TASK OBJECTIVE:
The lines below, from the one containing "CPU: AMD Ryzen" through the one containing "Vtg. Original Sellers", should be set down exactly, with no pictures and nothing else.
** Opening EXERCISE DATA block **
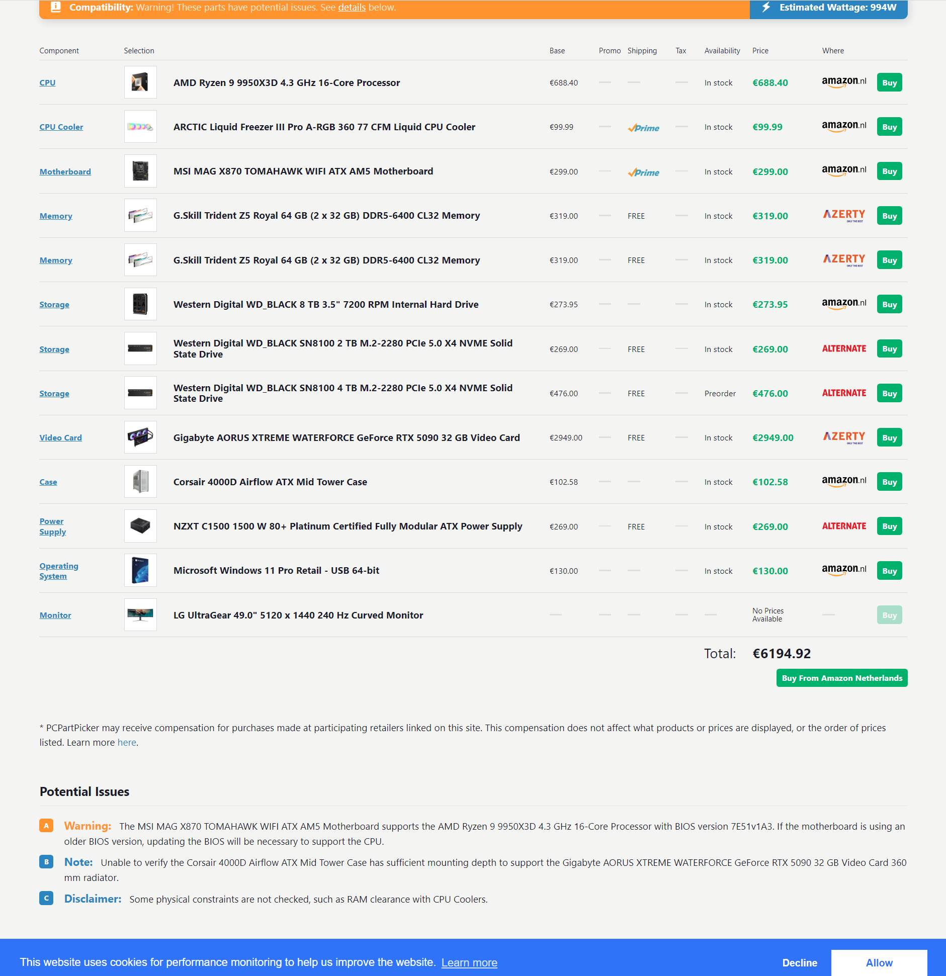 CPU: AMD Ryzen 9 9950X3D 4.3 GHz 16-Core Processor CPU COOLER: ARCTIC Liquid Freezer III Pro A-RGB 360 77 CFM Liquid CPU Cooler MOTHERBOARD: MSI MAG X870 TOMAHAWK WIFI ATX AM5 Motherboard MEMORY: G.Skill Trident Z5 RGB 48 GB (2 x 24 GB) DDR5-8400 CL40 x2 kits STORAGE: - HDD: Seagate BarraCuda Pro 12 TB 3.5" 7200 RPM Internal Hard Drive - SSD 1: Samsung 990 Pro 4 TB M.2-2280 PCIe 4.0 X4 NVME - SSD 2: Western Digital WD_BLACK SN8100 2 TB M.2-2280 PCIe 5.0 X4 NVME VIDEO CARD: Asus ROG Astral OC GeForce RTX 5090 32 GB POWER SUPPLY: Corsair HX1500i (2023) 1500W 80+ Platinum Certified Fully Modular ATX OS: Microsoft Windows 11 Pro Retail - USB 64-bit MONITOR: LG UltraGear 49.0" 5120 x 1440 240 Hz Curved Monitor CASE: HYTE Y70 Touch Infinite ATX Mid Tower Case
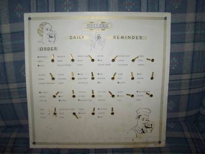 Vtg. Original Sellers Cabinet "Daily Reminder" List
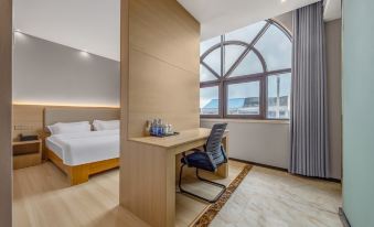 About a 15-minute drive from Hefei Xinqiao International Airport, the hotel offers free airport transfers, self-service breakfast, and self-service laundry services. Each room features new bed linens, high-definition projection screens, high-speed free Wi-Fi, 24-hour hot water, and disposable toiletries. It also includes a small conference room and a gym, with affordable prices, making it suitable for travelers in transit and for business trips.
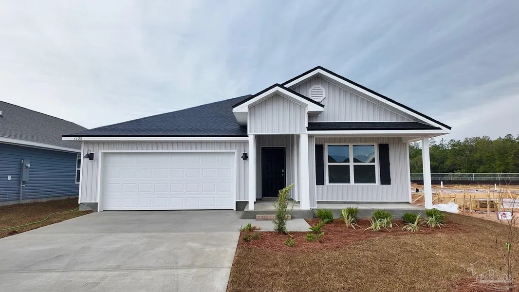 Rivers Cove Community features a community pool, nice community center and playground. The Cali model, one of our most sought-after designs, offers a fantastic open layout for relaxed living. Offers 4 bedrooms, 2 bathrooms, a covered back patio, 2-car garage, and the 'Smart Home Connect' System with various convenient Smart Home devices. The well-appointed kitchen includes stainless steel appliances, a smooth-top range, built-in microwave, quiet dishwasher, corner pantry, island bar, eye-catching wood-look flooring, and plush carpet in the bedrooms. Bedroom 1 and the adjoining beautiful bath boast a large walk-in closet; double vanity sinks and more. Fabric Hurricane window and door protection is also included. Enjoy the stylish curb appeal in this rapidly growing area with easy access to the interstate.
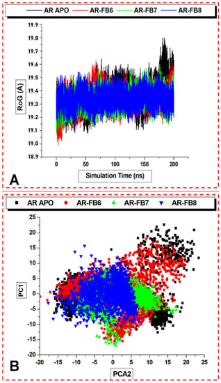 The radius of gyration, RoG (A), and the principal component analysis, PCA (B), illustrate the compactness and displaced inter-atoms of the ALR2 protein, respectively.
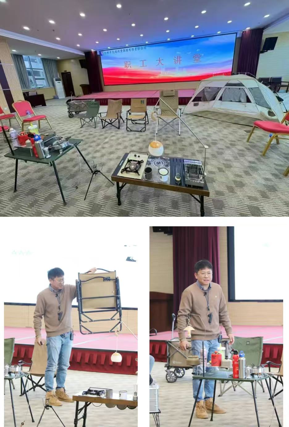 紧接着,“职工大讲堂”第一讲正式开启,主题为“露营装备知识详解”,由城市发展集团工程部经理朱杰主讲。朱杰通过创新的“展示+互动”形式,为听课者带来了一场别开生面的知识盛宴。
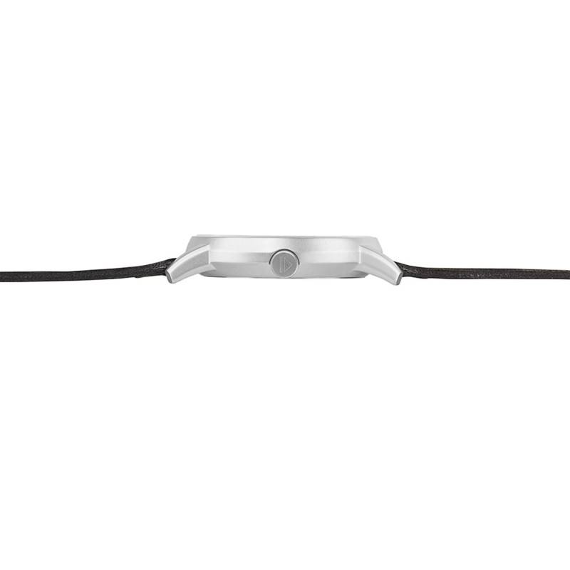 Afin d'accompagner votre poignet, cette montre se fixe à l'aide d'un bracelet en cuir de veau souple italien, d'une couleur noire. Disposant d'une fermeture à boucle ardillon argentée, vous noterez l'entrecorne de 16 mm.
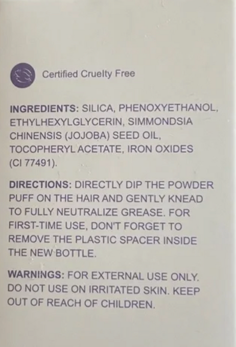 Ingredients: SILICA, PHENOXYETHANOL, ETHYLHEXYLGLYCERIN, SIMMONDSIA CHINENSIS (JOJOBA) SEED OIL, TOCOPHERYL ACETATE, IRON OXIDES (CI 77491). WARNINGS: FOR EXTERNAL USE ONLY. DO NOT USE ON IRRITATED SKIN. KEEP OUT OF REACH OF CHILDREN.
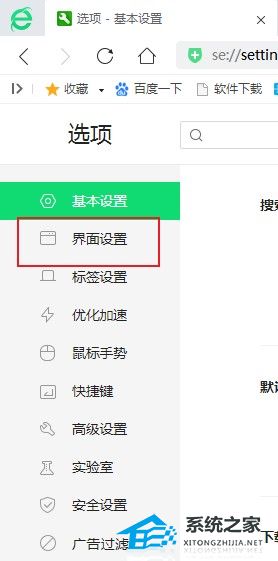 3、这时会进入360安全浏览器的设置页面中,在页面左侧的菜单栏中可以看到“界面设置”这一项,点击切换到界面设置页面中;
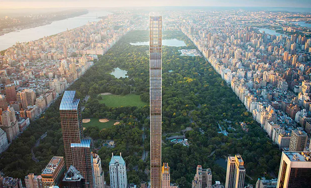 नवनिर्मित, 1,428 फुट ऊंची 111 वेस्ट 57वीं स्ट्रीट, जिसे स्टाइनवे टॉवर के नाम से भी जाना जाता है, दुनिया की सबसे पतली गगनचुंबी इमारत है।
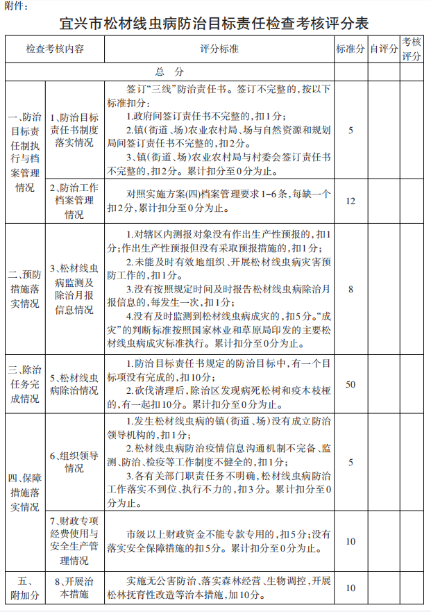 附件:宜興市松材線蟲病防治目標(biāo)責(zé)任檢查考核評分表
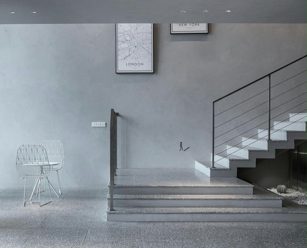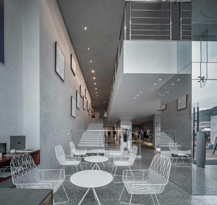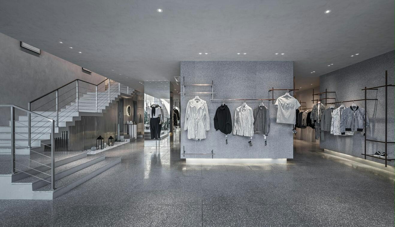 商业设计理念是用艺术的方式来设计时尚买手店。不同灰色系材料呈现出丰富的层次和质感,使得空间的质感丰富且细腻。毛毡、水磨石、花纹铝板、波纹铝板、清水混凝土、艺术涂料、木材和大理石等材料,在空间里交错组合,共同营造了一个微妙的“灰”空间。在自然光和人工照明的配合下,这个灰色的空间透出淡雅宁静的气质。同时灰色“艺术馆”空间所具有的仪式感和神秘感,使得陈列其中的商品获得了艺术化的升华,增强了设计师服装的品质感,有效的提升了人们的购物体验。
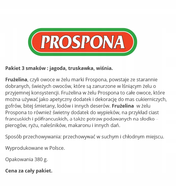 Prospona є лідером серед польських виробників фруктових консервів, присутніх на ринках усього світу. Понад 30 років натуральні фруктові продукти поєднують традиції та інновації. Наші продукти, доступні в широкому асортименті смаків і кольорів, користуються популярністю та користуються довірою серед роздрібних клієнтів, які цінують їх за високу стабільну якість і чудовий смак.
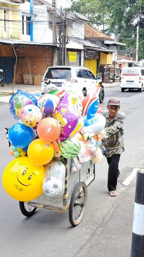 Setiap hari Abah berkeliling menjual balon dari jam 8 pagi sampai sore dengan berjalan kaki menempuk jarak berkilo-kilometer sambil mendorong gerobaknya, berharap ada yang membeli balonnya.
** Closing EXERCISE DATA block **
** Opening EXERCISE DATA block **
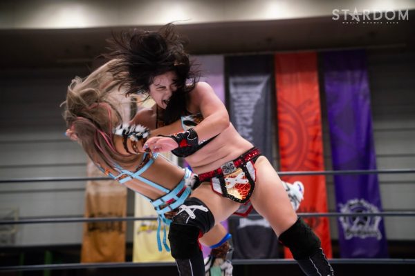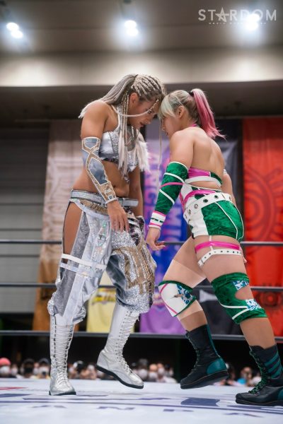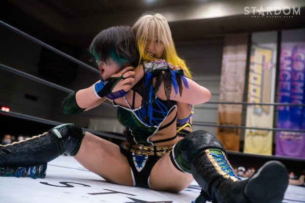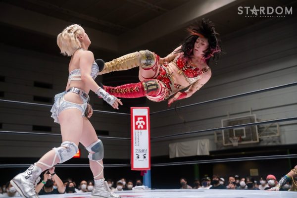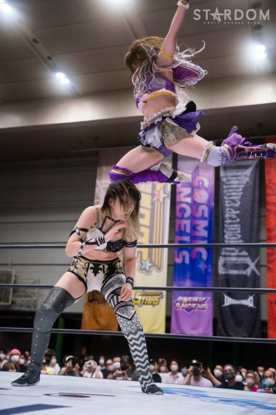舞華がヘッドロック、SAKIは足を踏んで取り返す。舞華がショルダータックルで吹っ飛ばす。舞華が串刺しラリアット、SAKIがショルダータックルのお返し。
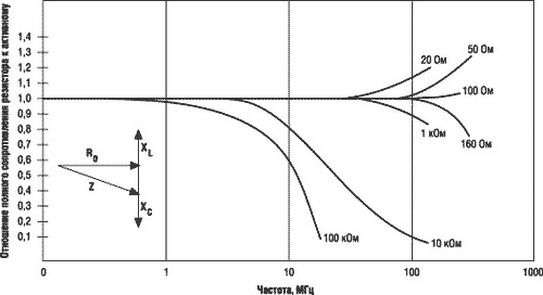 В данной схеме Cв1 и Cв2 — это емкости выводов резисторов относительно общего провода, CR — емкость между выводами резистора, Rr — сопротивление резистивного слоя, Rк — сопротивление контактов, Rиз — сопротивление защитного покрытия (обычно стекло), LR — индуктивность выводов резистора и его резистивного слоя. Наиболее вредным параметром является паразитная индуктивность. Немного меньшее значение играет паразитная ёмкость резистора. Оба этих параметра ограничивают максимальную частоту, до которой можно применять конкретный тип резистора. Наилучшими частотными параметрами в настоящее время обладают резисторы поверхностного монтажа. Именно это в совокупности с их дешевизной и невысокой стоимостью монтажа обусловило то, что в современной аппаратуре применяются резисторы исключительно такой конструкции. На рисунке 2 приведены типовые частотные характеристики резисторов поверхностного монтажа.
** Closing EXERCISE DATA block **
RESPONSE TO THIS EXERCISE:
 CPU: AMD Ryzen 9 9950X3D 4.3 GHz 16-Core Processor CPU COOLER: ARCTIC Liquid Freezer III Pro A-RGB 360 77 CFM Liquid CPU Cooler MOTHERBOARD: MSI MAG X870 TOMAHAWK WIFI ATX AM5 Motherboard MEMORY: G.Skill Trident Z5 RGB 48 GB (2 x 24 GB) DDR5-8400 CL40 x2 kits STORAGE: - HDD: Seagate BarraCuda Pro 12 TB 3.5" 7200 RPM Internal Hard Drive - SSD 1: Samsung 990 Pro 4 TB M.2-2280 PCIe 4.0 X4 NVME - SSD 2: Western Digital WD_BLACK SN8100 2 TB M.2-2280 PCIe 5.0 X4 NVME VIDEO CARD: Asus ROG Astral OC GeForce RTX 5090 32 GB POWER SUPPLY: Corsair HX1500i (2023) 1500W 80+ Platinum Certified Fully Modular ATX OS: Microsoft Windows 11 Pro Retail - USB 64-bit MONITOR: LG UltraGear 49.0" 5120 x 1440 240 Hz Curved Monitor CASE: HYTE Y70 Touch Infinite ATX Mid Tower Case
 Vtg. Original Sellers Cabinet "Daily Reminder" List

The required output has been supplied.